Introduction
The NVIDIA bug report captures a wide snapshot of driver, hardware, and kernel state — but for GPU hardware triage, two sections are the most critical: ECC error counters and row remapping status. These tell you whether a GPU has experienced uncorrectable memory failures, whether it has successfully recovered via row remapping, or whether it needs to be flagged for replacement.
This article covers how to read those sections, what the failure thresholds are, and what action to take in each case. It applies regardless of whether the bug report was captured via Command Center or manually.
Prerequisites
- NVIDIA Bug Report Captured — See How-To Capture NVIDIA Logs via Command Center (preferred) or How-To Capture NVIDIA Logs (manual)
Known Failure Modes
The following conditions automatically qualify a GPU for degradation and replacement. Both are determined from the ECC and row remapping sections of the bug report output.

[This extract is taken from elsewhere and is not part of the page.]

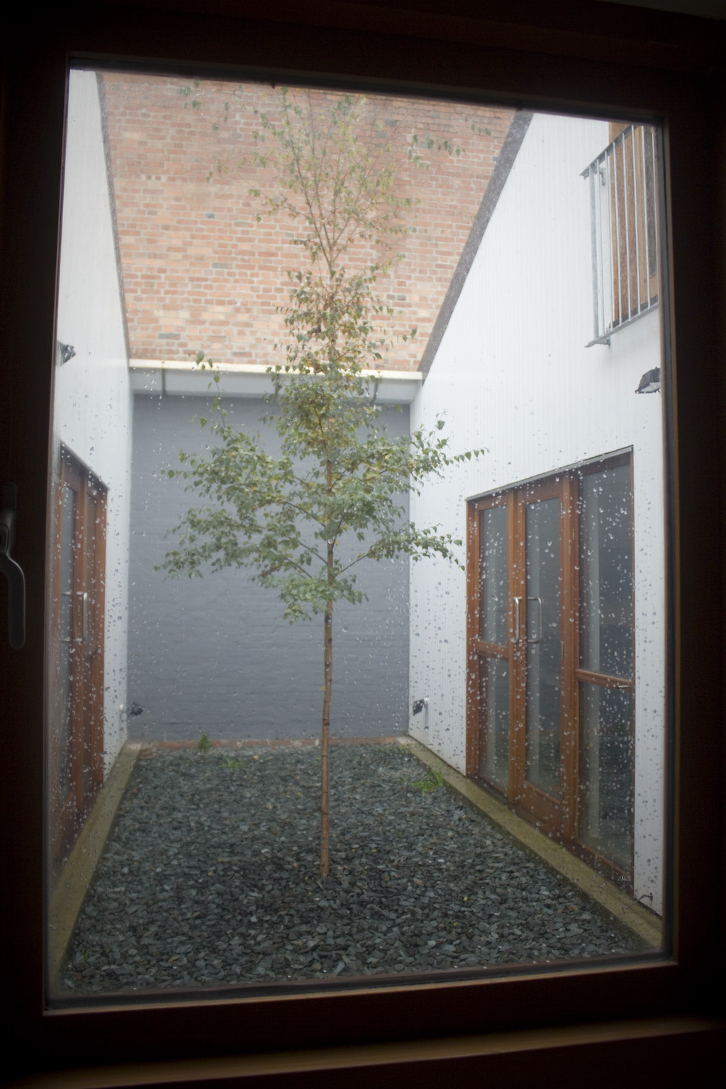 The studios nestle around a private courtyard in a converted warehouse. The common area has a shower and space to secure bicycles.

Uncorrectable ECC SRAM Errors
Any uncorrectable ECC error in SRAM — in either the Volatile or Aggregate counter — is a known failure mode. SRAM uncorrectable errors cannot be remapped and indicate permanent hardware damage:
ECC Errors
Volatile
SRAM Correctable : 0
SRAM Uncorrectable : 1 <-- known failure mode
DRAM Correctable : 0
DRAM Uncorrectable : 0
Aggregate
SRAM Correctable : 0
SRAM Uncorrectable : 2 <-- known failure mode
DRAM Correctable : 0
DRAM Uncorrectable : 0If either counter is greater than 0, the GPU should be replaced. Submit the logs via a support ticket.
Row Remapping Failure with No Pending Remap
A row remapping failure with Pending: No means the GPU attempted to remap a failing DRAM row but has no pending remap queued to recover with. This is not recoverable without replacement:
Remapped Rows
Correctable Error : 0
Uncorrectable Error : 0
Pending : No
Remapping Failure Occurred : Yes <-- known failure mode
Bank Remap Availability Histogram
Max : 639 bank(s)
High : 0 bank(s)
Partial : 0 bank(s)
Low : 0 bank(s)
None : 1 bank(s)Submit the logs via a support ticket.
Row Remapping Pending — Recoverable Path
This is a distinct, recoverable case. The GPU has encountered an error and queued a row remapping event, but the remap has not executed yet. It requires a GPU reset followed by a full VM reboot to complete:
Remapped Rows
Correctable Error : 0
Uncorrectable Error : 1
Pending : Yes <-- Notable
Remapping Failure Occurred : No
Bank Remap Availability Histogram
Max : 639 bank(s)
High : 0 bank(s)
Partial : 1 bank(s)
Low : 0 bank(s)
None : 0 bank(s)Reset the GPU:
nvidia-smi -r
Then reboot the VM. The reset triggers the pending remap, but a full reboot is required for it to be committed and reflected in the output.
⚠️ Warning: A GPU reset alone is not sufficient. The VM must be fully rebooted after the reset for the row remapping to complete. Checking the output before rebooting will still show
Pending: Yes.
After reboot, verify that both Pending and Remapping Failure Occurred have returned to No. If either is still non-zero, attach the bug report to a support ticket.